Some teachers assume that if a child is having trouble in school that it is the child’s fault and not our own.

And these assumptions matter. These assumptions hurt the relationship between the child and his teacher before that relationship even has a chance to be built.

And the only way around these assumptions is to challenge them out loud. Right from the start. Sometimes we have to tell our students that what they assume about us is not true. And sometimes we have to tell our students that what other teachers might have assumed about them as students, is not true in this classroom. We have to tell them right from the start and we have to keep telling them. Because it doesn’t take a whole lot of time or a whole lot of bad experiences before a child builds an assumption, but it does take a whole lot of time to break those assumptions down and to prove to our students that school can go another way. That we can be a different kind of teacher.

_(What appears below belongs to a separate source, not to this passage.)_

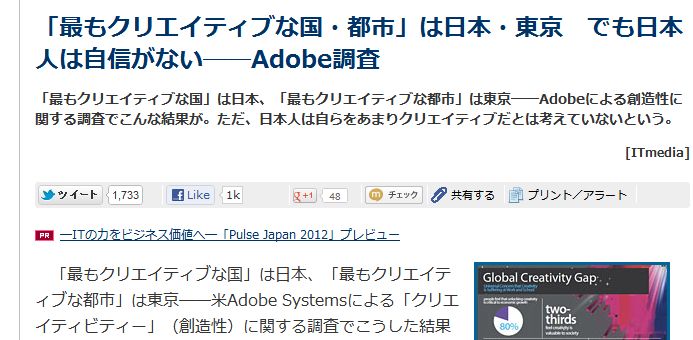 米Adobe Systemsによる「クリエイティビティー」(創造性)に関する調査でこうした結果が出た。日本は世界からクリエイティビティーを高く評価しているが、その日本人は自らをクリエイティブだとは考えていないという興味深い内容だ。

And we have to tell ourselves as well. We have to force ourselves to challenge our own assumptions about the children who walk into our classrooms. Because each and every child that we teach deserves for us to get to know him or her and deserves for us to put aside our assumptions.

Because one day, my child is going to walk into her first real classroom. And I hope that her teacher gets to know her before she starts to assume. I hope that she gets to know my Millie before she assumes that she has one mom and one dad. I hope that she gets to know her before she assumes that because she is a girl she is going to want to play dress up instead of playing with blocks and trucks. I hope that she gets to know her before she hands out a form or a family tree assignment that doesn’t at all fit the family that Millie has. I hope that she gets to know her before she assumes that because she doesn’t sit still for very long it must mean that she isn’t very smart or that she is trying to be disrespectful. I hope that she gets to know her before she allows her assumptions to take over.

And if that is what I want for my own child, then I know it is what I must do for every child who I have the privilege of teaching this year.